A jury found Crenshanda Williams, 44, guilty of interference with emergency telephone calls on Wednesday, the Houston Chronicle reported.
In addition to the brief jail sentence, Williams was also ordered to serve 18 months on probation.
An investigation into Williams’ behaviors was initiated after routine monthly audits by Houston Emergency Center officials found that Williams had a high volume of “short calls,” which lasted less than 20 seconds.
Prosecutors discovered that in “thousands” of these short calls, Williams had hung up on the reporting parties, the Houston Chronicle reported.
“Thousands of short calls have been attributed to the defendant from October 2015 through March 2016,” court documents noted, according to KTRK.
She was fired by the city in August of 2016, having worked for the agency for 18 months, the Houston Chronicle reported.
In one 2016 instance, a man called 911 to report two speeding vehicles on a section of highway where two people had been killed in a speeding-related crash several weeks prior, FOX News reported.
When the call disconnected, the man initially believed there was a problem with the cell phone connection, so he called 911 again.

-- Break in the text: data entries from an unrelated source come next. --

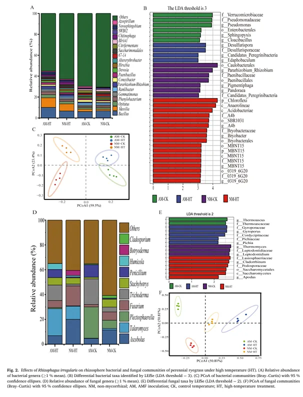(4)AM真菌重塑根际微生物群落结构:在高温条件下,根际中 Bacillus、Massilia 以及真菌 Talaromyces、Trichoderma 和 Penicillium 的相对丰度显著提高;而在低温条件下,Bacillus 和 Pseudomonas 明显富集,同时 Fusarium 的相对丰度下降。这表明 AM真菌通过调控根系分泌物,定向招募有益微生物并抑制潜在病原。
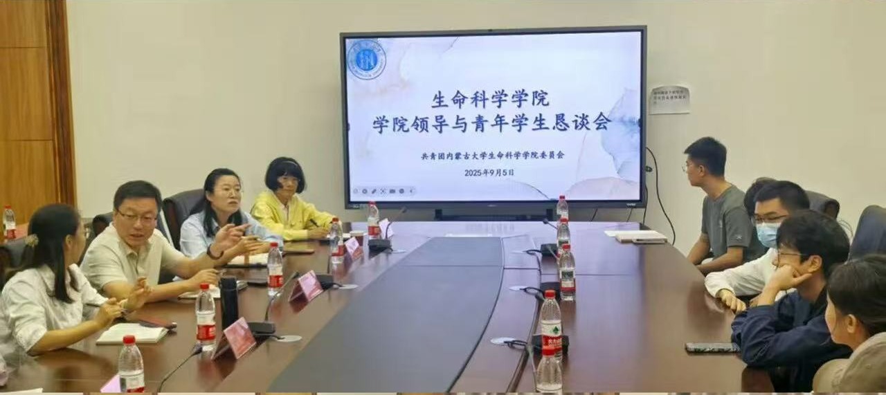 2025年9月5日上午10:00,生命科学学院在国重120会议室召开学院领导与青年学生恳谈会,内蒙古大学学术副校长兼生命科学学院院长胡薇、生命科学学院党委书记徐军、党委副书记季晓岚、内蒙古大学团委挂职副书记娜仁其其格、陈辰,生命科学学院行政办、教务办、学科科研办、学工办负责人以及学院青年学生代表30余人参会,团委副书记兼学生工作办公室副主任管文荻老师主持会议。恳谈会立足团委在思想引领和权益服务两方面的基本任务...
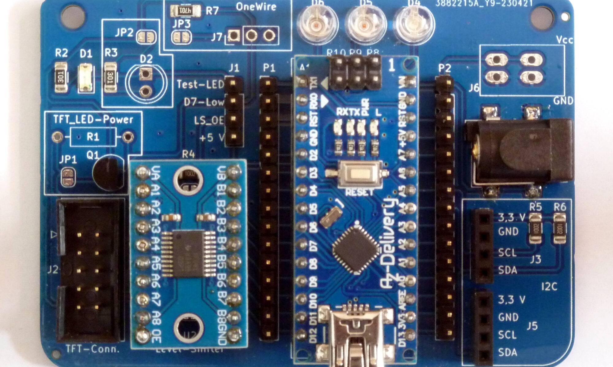 Arduino-Nano Dev-Board v2.0 – mit Komponenten (Level-Shifter und Nano)

Before he was able to finish explaining what he had witnessed with regards to the speeding vehicles, Williams cut him off yet again.
“Ain’t nobody got time for this. For real,” Williams said, according to FOX News.
On another occasion, Williams hung up on a caller who was attempting to report a violent robbery, the Houston Chronicle reported.
According to CNN, the reporting party saw a man with a gun at a store and heard shots fired, but Williams hung up on him twice, without giving him the opportunity to explain what had occurred.
The man finally reached a different 911 operator, who took his information and dispatched officers to the scene, where they found the store manager shot to death.
“The citizens of Harris County rely on 911 operators to dispatch help in their time of need,” Assistant District Attorney Lauren Reeder told KTRK. “When a public servant betrays the community’s trust and breaks the law, we have a responsibility to hold them criminally accountable.”
Williams’ attorney, Franklin Bynum, said that his client had been “going through a hard time in her life” when she hung up on the 911 callers, FOX News reported.
“Punishing her doesn’t do anything to fix the problems that still exist at the emergency center,” Bynum claimed.
Williams’ supervisor was placed on a year of internal probation, the Houston Chronicle reported.